DATASET CONTENT:
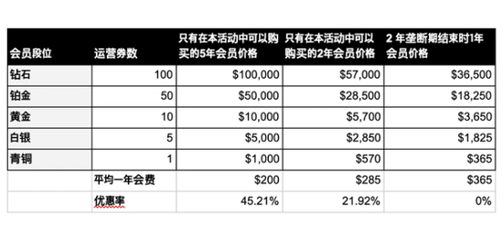 本次运动中销售的会员权利分别有5年券,2年券两种。
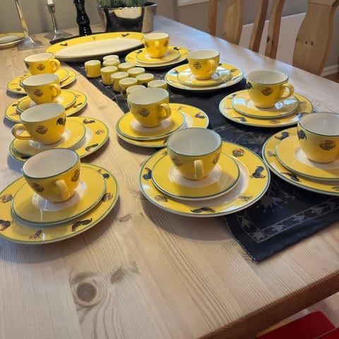 Snart påske,🐣! Selger lite brukt service med typisk påskemotiv,men kan selvsagt brukes hele året! Stått på hytta,men selges da må rydde opp,og trenger ikke da er alene! Brukt kun noen av delene sporadisk,så pent brukt. Pris på forespørsel,om man vil ha alt eller dele opp,fortrinnsvis i partall!!
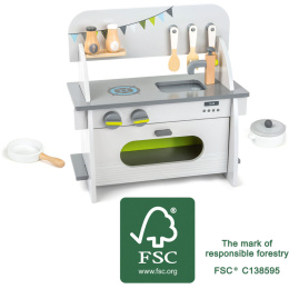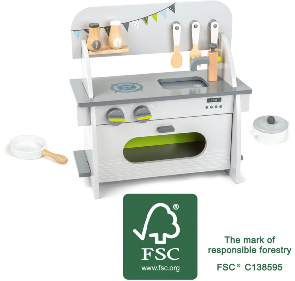 Poškozený obal. Nové zboží bez závad. Vaření může začít! Tato kompletně vybavená kuchyňka vyrobená z FSC® 100% certifikovaného dřeva má vše, co mladí kuchaři potřebují pro přípravu hostiny. Trouba je vybavena vhodnými otvíracími dvířky. Na sporáku se nachází hrnec s odnímatelnou pokličkou. Solnička a pepřenka poskytují potřebné koření. Tuto kuchyň lze sestavit a rozebrat bez použití nářadí. Kdo by s touto kuchyňkou nechtěl vařit? Hlavní vlastnosti: kompaktní rozměry, součástí je příslušenstvíjednoduchý elelgantní design, který se hodí do jakéhokoliv pokojetrouba se zavírá a otevírá pomocí magnetupři točení knoflíků na sporáku se ozývá klikání
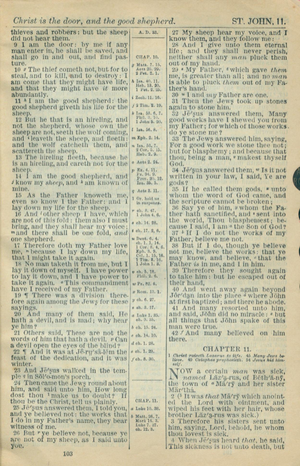 1916年Holy Bible 约翰福音 10 章 9 节到 11 章 4 节

EXERCISE GOAL: The whole listing should be transcribed exactly, though its pictures must be left out.

SOLVED EXERCISE:
 本次运动中销售的会员权利分别有5年券,2年券两种。
 Snart påske,🐣! Selger lite brukt service med typisk påskemotiv,men kan selvsagt brukes hele året! Stått på hytta,men selges da må rydde opp,og trenger ikke da er alene! Brukt kun noen av delene sporadisk,så pent brukt. Pris på forespørsel,om man vil ha alt eller dele opp,fortrinnsvis i partall!!
 Poškozený obal. Nové zboží bez závad. Vaření může začít! Tato kompletně vybavená kuchyňka vyrobená z FSC® 100% certifikovaného dřeva má vše, co mladí kuchaři potřebují pro přípravu hostiny. Trouba je vybavena vhodnými otvíracími dvířky. Na sporáku se nachází hrnec s odnímatelnou pokličkou. Solnička a pepřenka poskytují potřebné koření. Tuto kuchyň lze sestavit a rozebrat bez použití nářadí. Kdo by s touto kuchyňkou nechtěl vařit? Hlavní vlastnosti: kompaktní rozměry, součástí je příslušenstvíjednoduchý elelgantní design, který se hodí do jakéhokoliv pokojetrouba se zavírá a otevírá pomocí magnetupři točení knoflíků na sporáku se ozývá klikání
 1916年Holy Bible 约翰福音 10 章 9 节到 11 章 4 节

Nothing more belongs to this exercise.